The next item on the list to check is the IP switchport. I’m using a Catalyst in this case; the switchports are not easily swappable. Instead, I’ll configure a nearby port such that I can move the cable onto it:
Changing IP switchport from 1/0/5 to 1/0/32
interface FastEthernet1/0/32
description TESTING BOARD 02A13
switchport access vlan 272
speed 100
duplex full
mls qos trust dscp
spanning-tree portfast
Moved cable from Fa1/0/5 to Fa1/0/32.
Feb 6 20:30:31.228: %LINK-3-UPDOWN: Interface FastEthernet1/0/32, changed state to up
Feb 6 20:30:32.234: %LINEPROTO-5-UPDOWN: Line protocol on Interface FastEthernet1/0/32, changed state to up
- Observed immediate link light on the IP switch
- Observed green lights blinking on board 2a13
display errors
HARDWARE ERROR REPORT - ACTIVE ALARMS
Port Mtce Alt Err Aux First/Last Err Err Rt/ Al Ac
Name Name Type Data Occurrence Cnt Rt Hr St
test board 2a13
TEST RESULTS
Port Mtce Name Alt. Name Test No.
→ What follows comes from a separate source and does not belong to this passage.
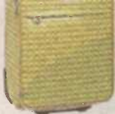
Green car print £159, Tripp at Debenhams, 08445 616161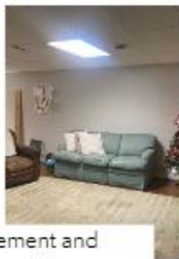
Our basement and Playroom. Lots of time spent here!

Result Error Code
02A13 IPMEDPRO 52 PASS
02A13 IPMEDPRO 1371 PASS
02A13 IPMEDPRO 1383 PASS
02A13 IPMEDPRO 1379 PASS
02A13 IPMEDPRO 1505 ABORT 2806
02A13 IPMEDPRO 1511 PASS
02A13 IPMEDPRO 1405 PASS
02A13 IPMEDPRO 1629 PASS
02A13 IPMEDPRO 1630 PASS
02A13 IPMEDPRO 1680 PASS
02A1301 MEDPROPT 1407 PASS
02A1302 MEDPROPT 1407 PASS
The board immediately came in service, the errors and alarms immediately cleared, and the board passed the test that I demanded.
The only action still needed was to make the appropriate changes to the Catalyst, so that my changes are reflected (and hopefully nobody tries to use Fa1/0/5 in the future):
interface FastEthernet1/0/5
description PHYSICAL FAULT. DO NOT USE.
shutdown
!
interface FastEthernet1/0/32
description CONNECTION TO AVAYA G650 02A13
switchport access vlan 272
speed 100
duplex full
mls qos trust dscp
spanning-tree portfast
!
I honestly have no idea whether or not this post will be useful to anyone – please let me know. This really didn’t take me any time to write (<20 minutes). I grab most of the above “screen captures” whenever I’m troubleshooting anyway, so that I have them to refer to immediately afterward. (I recommend that you do the same.)